# C7/C8 refresher drills being done over videos.



## gryphonv (27 May 2016)

Ok first I have to say, I'm no pro when it comes to handling firearms. And I have had no experiance before the CAF. 

I've noticed a new policy on the east coast (not sure if it is forces wide) to change/replace the classroom part of refresher training with videos to cover your drills, your tear downs and etc. 

I know every Soldier should remain proficient on weapons handling and to seek out oppurtunities to address deficiencies they may have outside of relying on 'refresher' training. But sometimes this can be the best time to relearn something or gain confidence. 

Safety is always the most important factor when it comes to weapons handling. Safety in my mind arises out of confidence and confidence is reinforced with hands on training and muscle memory.

As I understand it now, this pilot project will have the expectation on members to be prepaired to be tested when they show up for refresher training instead of getting prepaired at the refresher training. 

Members should have more responsibility in taking control of their own development, but I don't really get many 'warm fuzzies' about people using videos to replace the benifit of hands on type training.

Again let me state I am no weapons expert and I'm on the bottom end of the spectrum when it comes to skill in weapons handling. I pass my shoots, I'm safe, but I'm no pro. 

I would like to see how some of more knowledgeable members in reguards to weapons handling feel towards this method of training (videos apposed to classroom setting).


----------



## dangerboy (27 May 2016)

I personally don't think that a video can replace formal training it could be good for a person to watch at home the night prior to do refresher training to just jog the memory if the person is rusty and boost their confidence.

However prior to shooting the shooter must be tested on their weapons handling drills.
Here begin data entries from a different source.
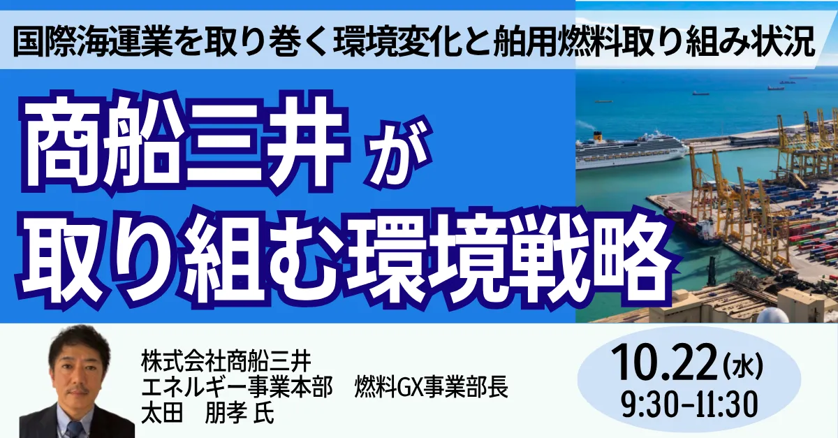 環境問題への取り組みが急務となっている今、業界を代表する企業、株式会社商船三井がどのようにその課題に立ち向かっているのかを知るチャンスがやってきました。10月22日(水)に、JPI(日本計画研究所)が主催するセミナーにて、商船三井エネルギー事業本部燃料GX事業部長の太田朋孝氏をお招きし、同社の環境戦略について詳しくお話ししていただきます。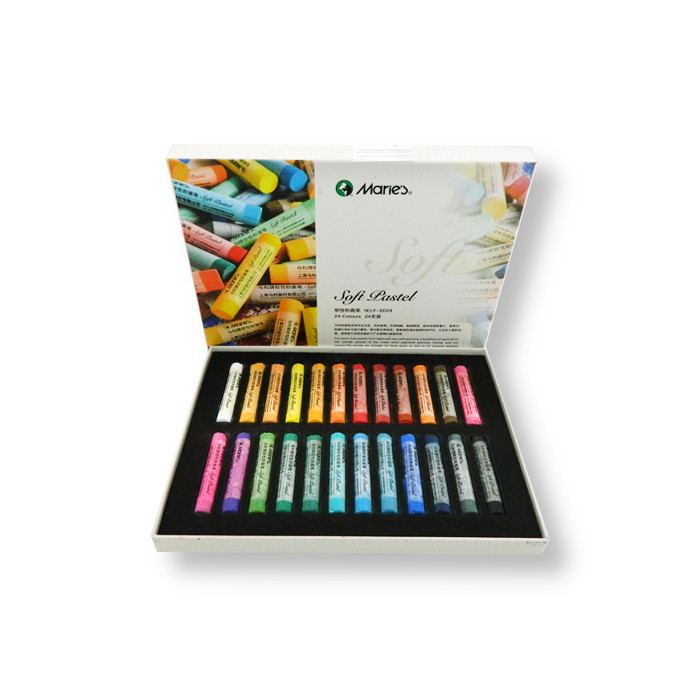Сухая пастель Maries произведена из высококачественных пигментов и связующего вещества, благодаря чему обладает яркими насыщенными цветами. Пастель обладает мягкой бархатистой фактурой, хорошо ложится на бумагу и отлично смешивается между собой. Данная серия пастели производится в мелках круглой формы, размером 65х10 мм. В качестве основы для пастели рекомендуется использовать фактурные поверхности или специальную бумагу для пастели. Чтобы готовая работа не осыпалась со временем, её рекомендуется закрепить специальным фиксативом для пастели. В наборе 24 мелка.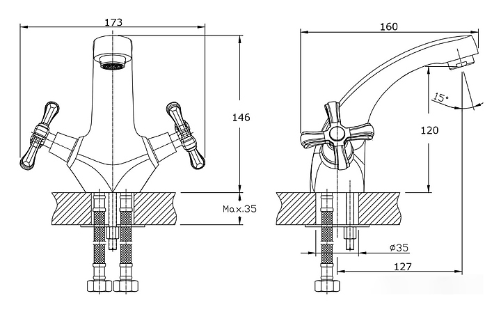 Cмеситель для раковины RUSH Bianki BI7650-11 предназначен для подачи горячей и холодной воды в ванных помещениях. Модель оснащена керамической кран-буксой и аэратором, который экономит расход воды, уменьшает шум и снижает количество брызг. Изделие выполнено из латуни, отличающейся прочностью, долговечностью и устойчивостью к перепадам температур, аэратор - из пластика с нержавеющим корпусом, ручка - из металла. В комплект поставки входят аэратор, фум-лента, универсальная присоединительная группа и 2 подводки с латунными гайками. Дополнительные характеристики: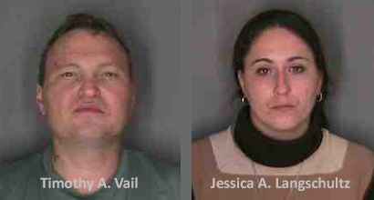 On the above date and time, a Deputy observed a vehicle traveling westbound on Fulton St with no front license plate, and also observed the vehicle make a right hand turn onto Route 9 without signaling. The vehicle was then stopped on Route 9, at which time the operator was identified as Timothy A. Vail (age 43 of Hyde Park) and the passenger was identified as Jessica A. Langschultz (age 30 of Poughquag). After further interviews and investigation, both were found to allegedly be in possession of controlled substances; Vail was found to be in possession of someone else’s Oxycodone pills, and Langschultz heroin.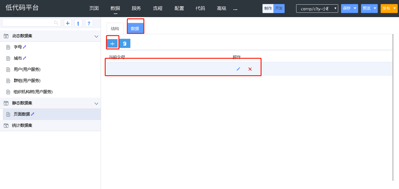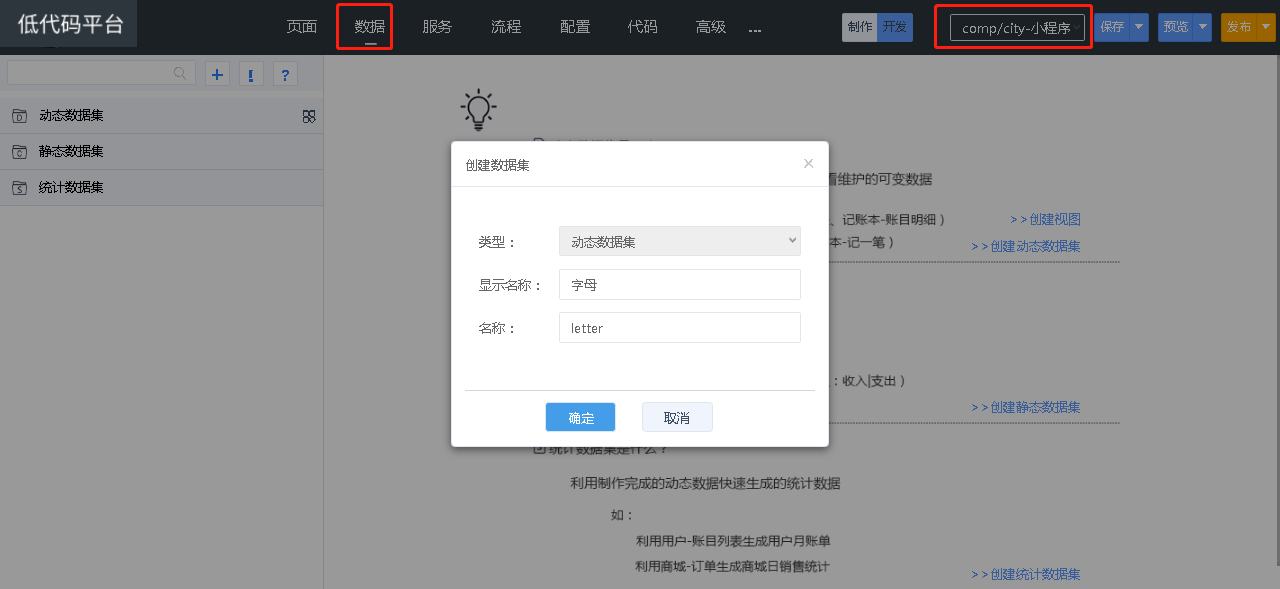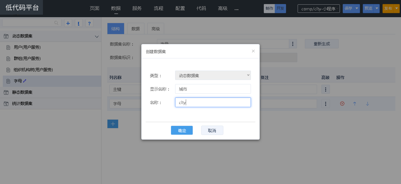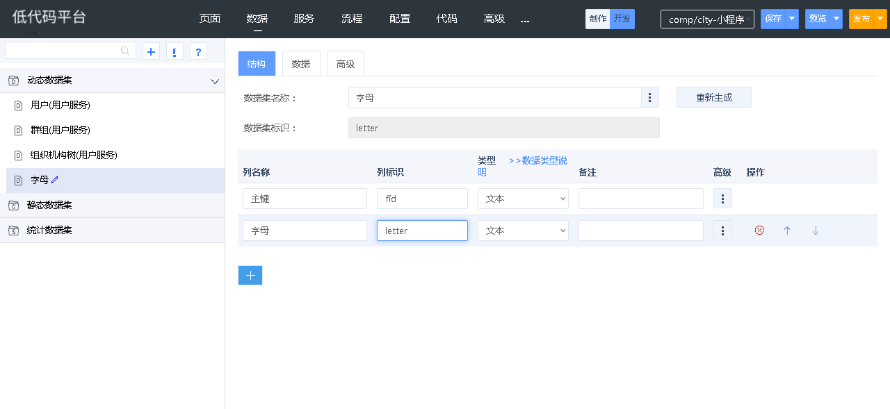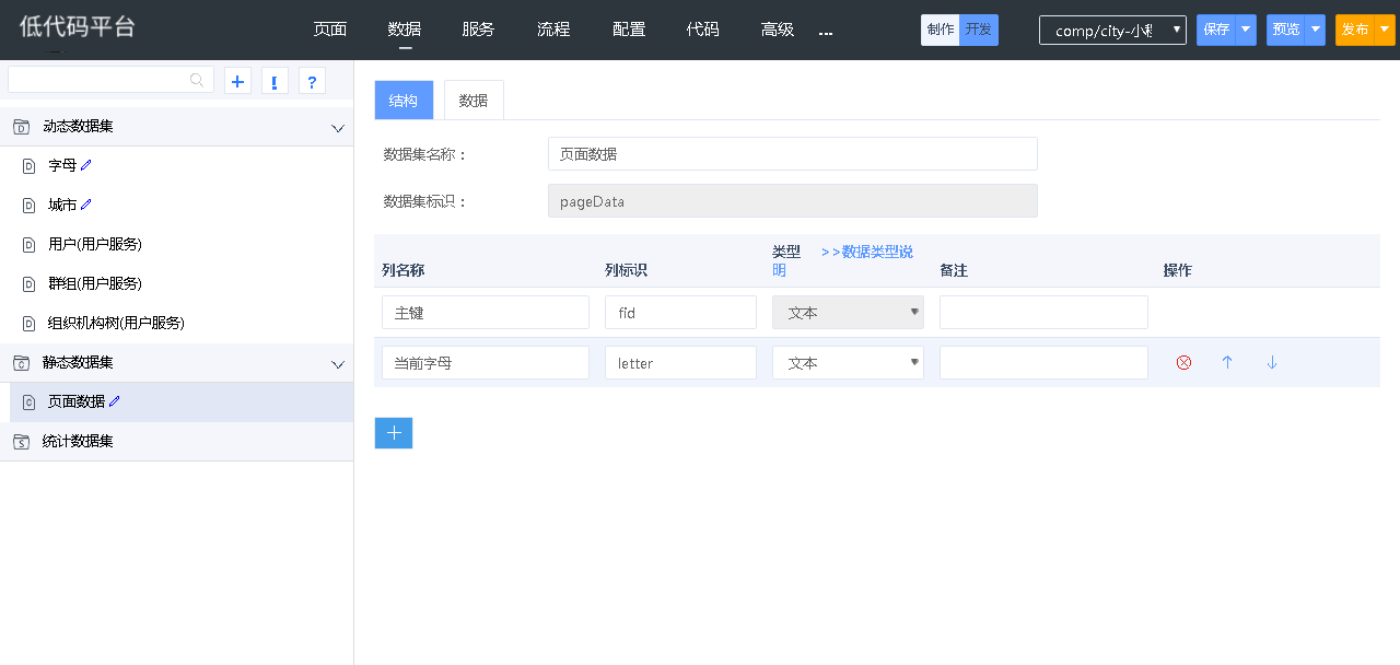 城市数据由组件提供,因此需要添加组件中的数据。切换到数据设计区,添加动态数据集:字母

Training Safety is very clear on this it states that the OIC is responsible for "ensuring weapon handling tests have been carried out within the last 12 months and that drill refresher based on skill fade, are done when required" . In a different section it states "All personnel engaged in any live fire training activity shall complete refresher training on the pertinent weapons before firing. The duration and type of instruction will be decided by the OIC Practice in accordance with current regulations but is based upon weapons handling tests found in the appropriate weapon publication".  So prior to any range you must do the weapons handling test with someone supervising you.


----------



## gryphonv (27 May 2016)

As I understand it, with this pilot project, members will still be tested prior to shooting. If they fail the testing they will be RTU'd. 

So technically it will still be safe and meet those requirements. But I think the overall quality of the refresher training will suffer.


----------



## Colin Parkinson (27 May 2016)

making video's available and expecting the soldiers to prep before the classroom is great and works well with this generation, however, muscle memory with a firearm is the only way your going to learn how to act and react to IA's and general weapons handling.


----------



## RocketRichard (27 May 2016)

Is there a link for these on the DWAN?


----------



## gryphonv (27 May 2016)

RocketRichard said:
			
		

> Is there a link for these on the DWAN?



Yeah I'm away from a work computer now but I should be able to link it next week.


----------



## Eye In The Sky (27 May 2016)

A year or so ago, they implemented a 9mm 'training course' on AFILLE (DLN).  It was a quickly removed as it was quickly determined it did SFA to effectively be a yearly refresher on the handling drills, etc.

Absolute clusterfuck.  We just pumped all the money into the SATs, etc.  USE THEM.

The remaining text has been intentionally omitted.